Mean change from baseline and comparison between groups in the Homeostatic Assessment of Insulin Resistance (HOMA-IR).
The baseline and post-training blood analysis of BG and INS will be used to calculate insulin resistance (IR) using the validated homeostatic model assessment (HOMA) [Sarafidis et al., 2007; Matthews et al., 1985]. HOMA-IR will be reported in units of mg/dL. Change from baseline will be calculated and aggregated as mean (SD) for each dose group as well as for male and female subgroups within each dose group. The mean (SD) change for each variable will be compared between the three dose groups and male and female subgroups.

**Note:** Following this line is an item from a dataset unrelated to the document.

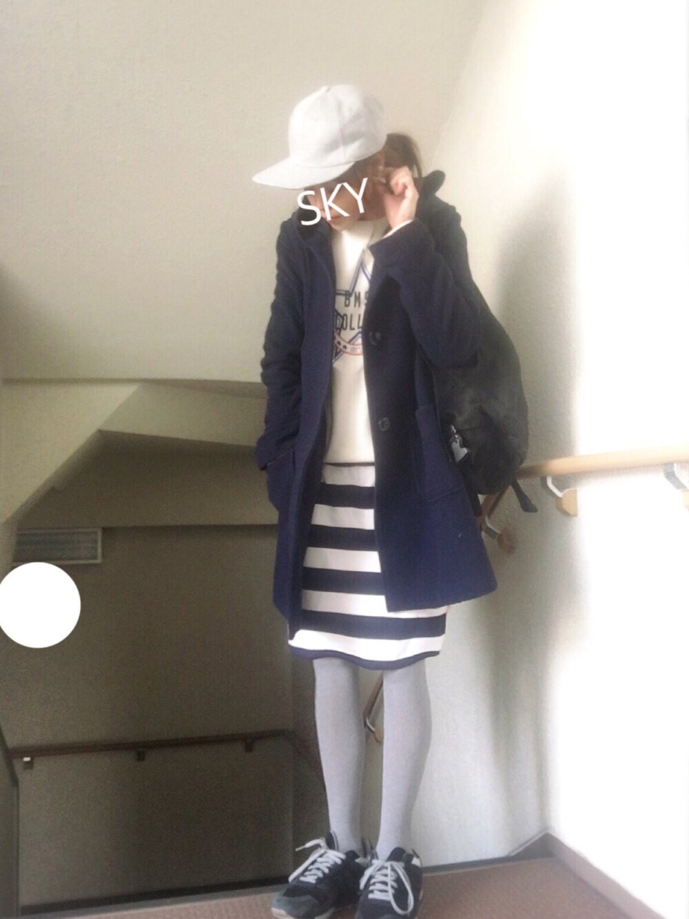 ☺︎*♡ ボーダースカートメイン☺︎ スウェット☺︎ビームス スカート☺︎しまむら カバン☺︎グレゴリー 靴☺︎アディダス ピアスのリボンが 時々 顔に当たって カサカサ音がなるので ビックリします☺︎

Mean change from baseline and comparison between groups in glycosylated hemoglobin (HbA1c) after 12 weeks of training.
Baseline and post-training blood analysis of HbA1c will be measured via venipuncture of the anti-cubital vein and reported in units of percent (%). Change from baseline will be calculated and aggregated as mean (SD) for each dose group as well as for male and female subgroups within each dose group. The mean (SD) change for each variable will be compared between the three dose groups and male and female subgroups.
Mean change from baseline and comparison between groups of endothelial-dependent peak blood flow (PBF).

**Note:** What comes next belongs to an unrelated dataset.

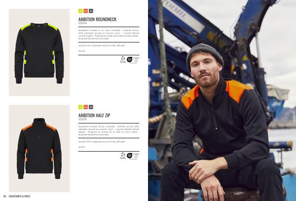 Sweatshirt unisexe 1 / 2 zip contrasté- visibilité accrue. 100 % polyester recyclé au toucher coton- 1 poche latérale cachée zippée- Poignets et ourlets de la taille en tissu côtelé- étiquette facilement amovible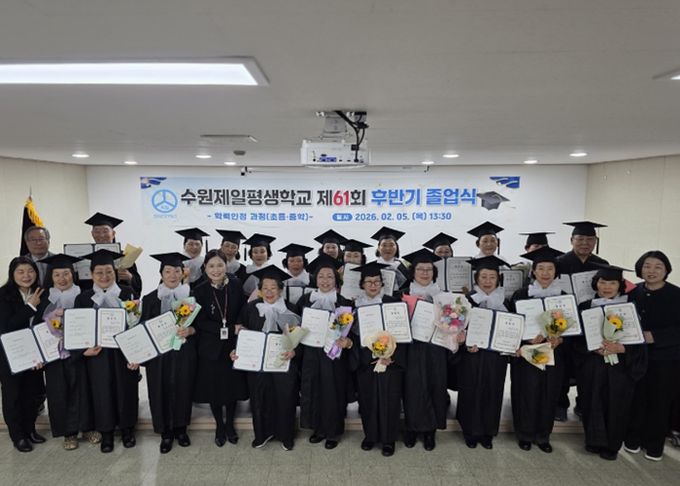 (중부시사신문) 수원제일평생학교는 2월 5일 오후 제61회 하반기 학력인정 졸업식을 진행했다. 졸업식은 교내 난타 동아리의 축하 공연으로 시작됐으며, 경기도교육청·수원교육지원청·수원시청 관계자들이 참석해 자리를 함께했다.

Baseline and post-training endothelial-dependent PBF of the non-dominant forearm will be measured using venous occlusion strain-gauge plethysmography and reported in units of percent (%). Change from baseline will be calculated and aggregated as mean (SD) for each dose group and male/female subgroups. Mean (SD) for each variable will be compared between dose groups and male and female subgroups.
Mean change from baseline and comparison between groups of endothelial-dependent area under the curve (AUC) of hyperemia blood flow.

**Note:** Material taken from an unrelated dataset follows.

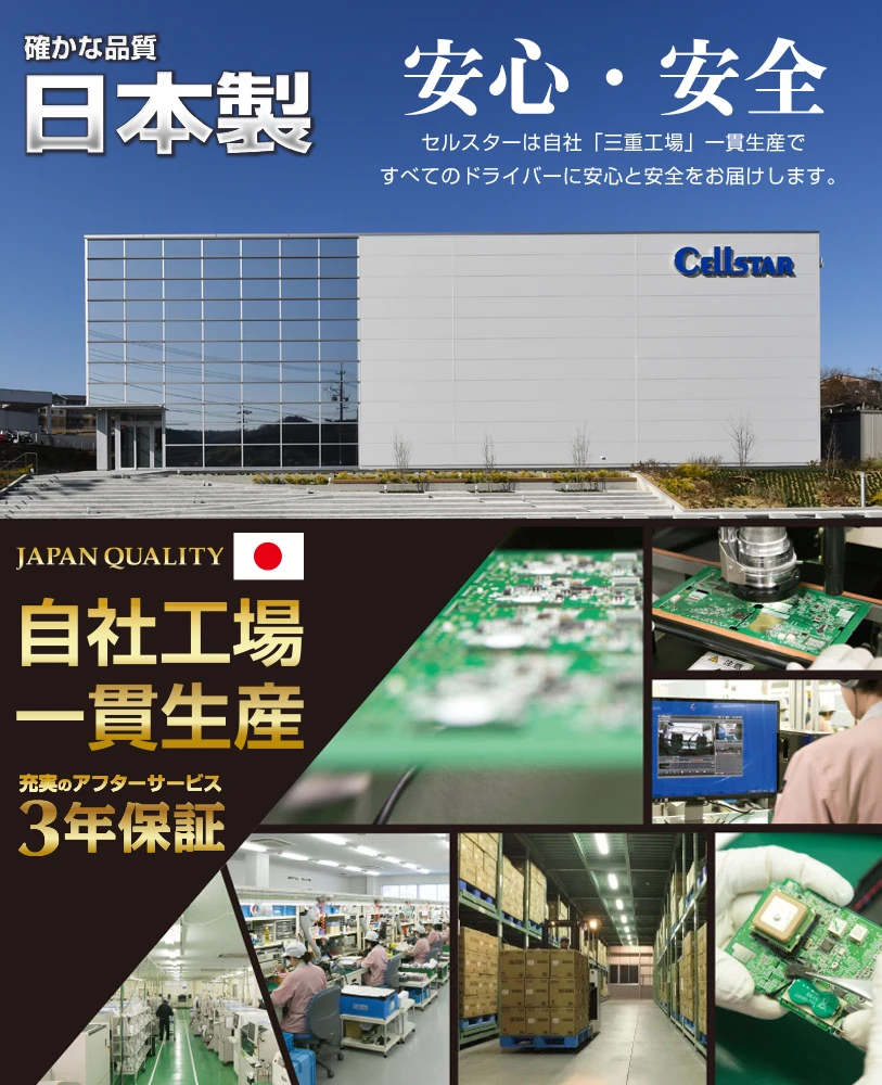 CELLSTAR DRIVE RECODER IS A STAR PRODUCT WHICH IS TOTALLY DESIGNED AND MADE IN JAPAN(IN CELLSTAR MIE FACTORY).

Baseline and post-training endothelial-dependent hyperemia AUC of the non-dominant forearm will be measured using venous occlusion strain-gauge plethysmography. Hyperemia blood flow will be measured for 5 min after a 5 min occlusion period. 30 sec AUC blood flow will be quantified reported in units of percent (%) x time. Change from baseline will be calculated and aggregated as mean (SD) for each dose group and male/female subgroups. Mean (SD) for each variable will be compared between dose groups and male and female subgroups.

Secondary Outcome Measures

Mean change from baseline and comparison between groups of body fat mass percentage (FM%).
Baseline and post-training FM% will be measured via dual X-ray absorptiometry (DEXA) and reported as percentage of total body mass. Change from baseline will be calculated and aggregated as mean (SD) for each dose group and male and female subgroups. Mean (SD) will be compared between dose groups and male and female subgroups.
Mean change from baseline and comparison between groups of body lean mass percentage (LM%).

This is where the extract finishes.